Search code examples
rlarge-datamelt

Melting large dataframes--is there a practical size limit for reshape2's melt?


The problem

I am trying to reshape a survey dataset loaded into a dataframe with about 11k variables and 2k rows into a long(er) format, in order to do some analysis on variables that resulted from looped questions. I have not been able to figure out a way to get around memory allocation errors.

Am I hitting the practical size limit for using melt on dataframes (with about 28MB in CSV-format)? Is there a different way to use melt, or would you use a different function/library for this purpose?

What I've tried so far

I've tried using reshape2's melt function, which should be straightforward but gives a memory error immediately ("cannot allocate vector of size...").

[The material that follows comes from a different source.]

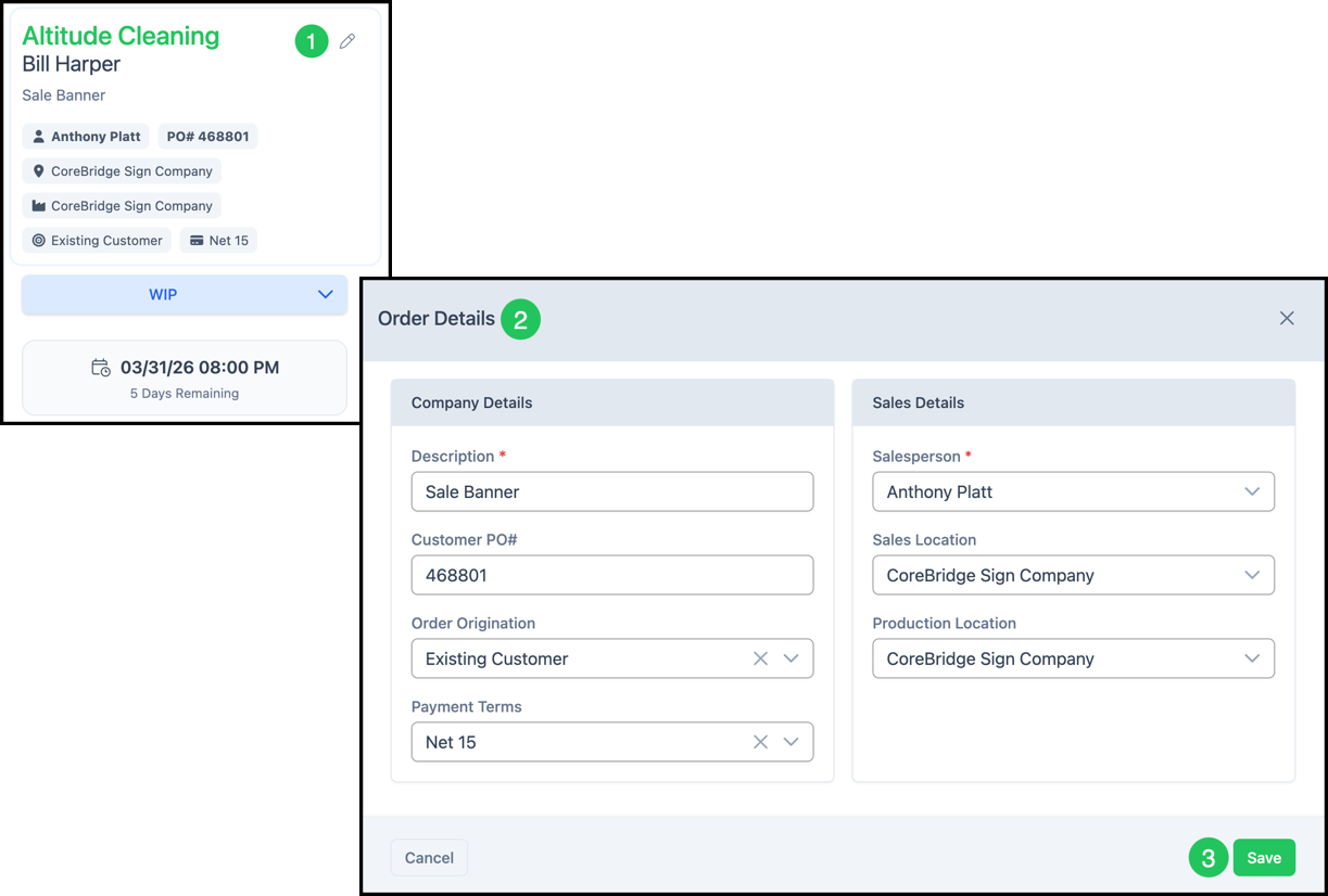 Orders can be edited at any time after they are created. You can adjust Company and Sales information, update due dates, and manage the Roles associated with the Estimate. For more information, please see Employee Roles and Permissions in Settings.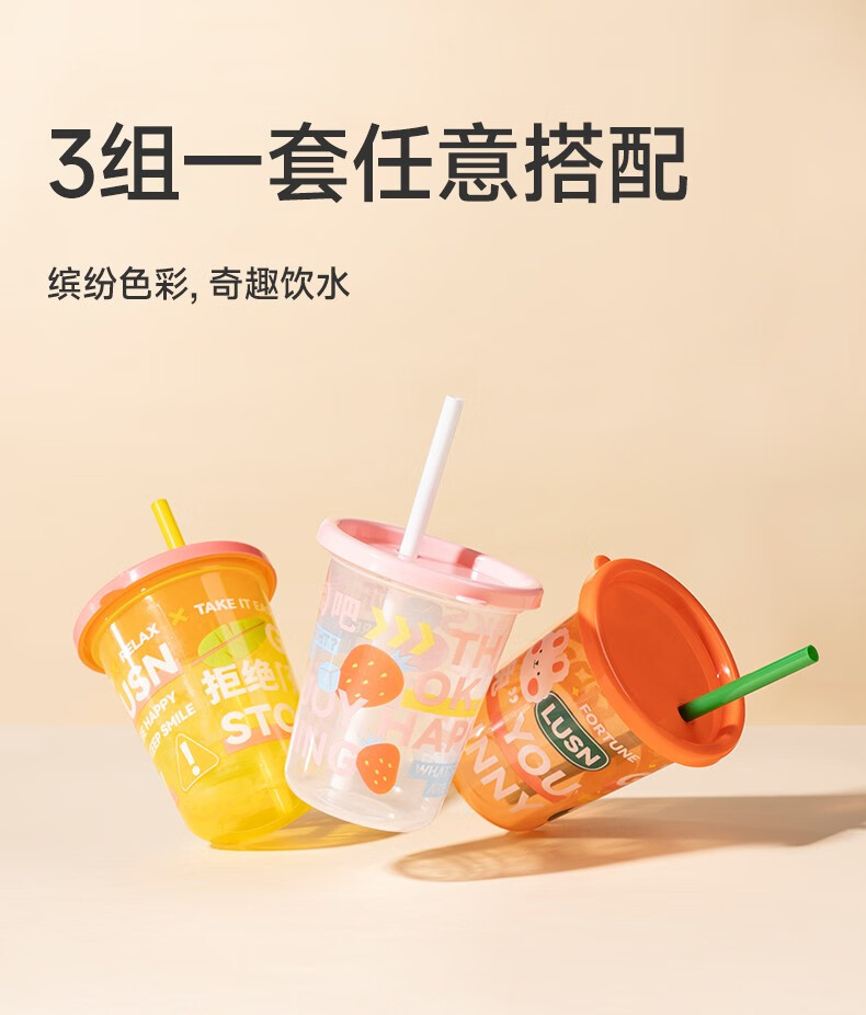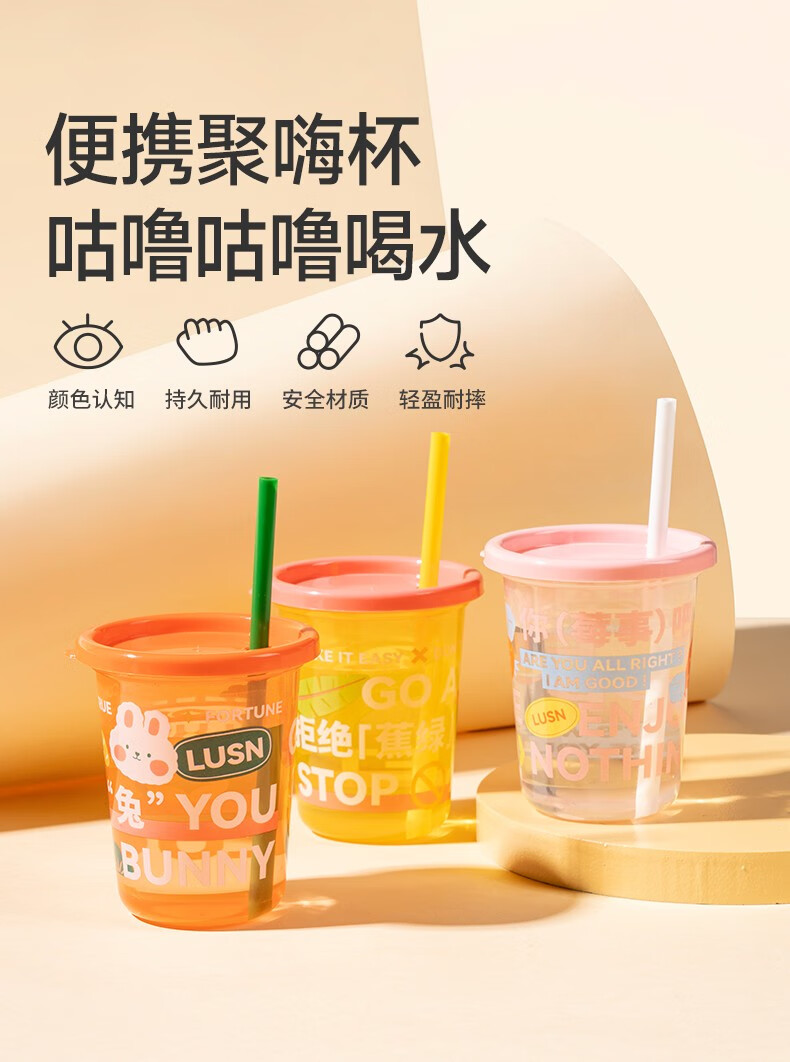 LUSN聚嗨杯奶茶吸管杯子家用重复使用宝宝牛奶儿童饮料杯塑料水杯 3个装-聚嗨杯PP材质-蓝紫绿 320ml 320毫升

Then I tried breaking up the looped variables into chunks, in order to get many smaller dataframes to melt and then re-constitute. That gives me similar errors (with smaller sizes that cannot be allocated).

For reference, my data has an identifier field ("SbjNum"), a number of variables that only occur once (about 1900), and 99 variables that occur 100 times each (with a prefix of "I_X_I_Y", where X and Y identify loops)--and should be molten into rows corresponding to unique X and Y.

Just using melt naively looked like this:

molten <- melt(data, id.vars = c("SbjNum"))

The chunking I've tried so far looks like this:

#all variable names produced by the loops
loops <- names(data)[grep("I_\\d{1,2}_I_\\d{1,2}",names(data))] 

#setting number of desired chunks
nloopvars <- length(loops)
nchunks <- 100

#make nchunks indexers to subset my data
chunks <- lapply(#indices of loops split into nchunks groups
                 split(1:nloopvars, sort(1:nloopvars%%nchunks)), 
                 function(v){loops[v]}
                 )

#melt little subsets of the data       
molten <- lapply(chunks,
                    function(x){
                      # take only identifier and a subset of loop vars
                      df <- data[c("SbjNum", x)] 
                      # melt the loop vars
                      return(melt(df, id.vars = "SbjNum"))
                      }
                    )

EDIT: after terminating and restarting R as well as clearing my workspace several different ways, approach #2 now works.


Solution

  • After terminating and restarting R, and clearing the workspace several times, my own "chunking" approach is now working (see question)--I recommend trying this in case anyone else has similar issues.

    [There is still a question of up to what size melting makes sense, but I can live without knowing that answer for now.]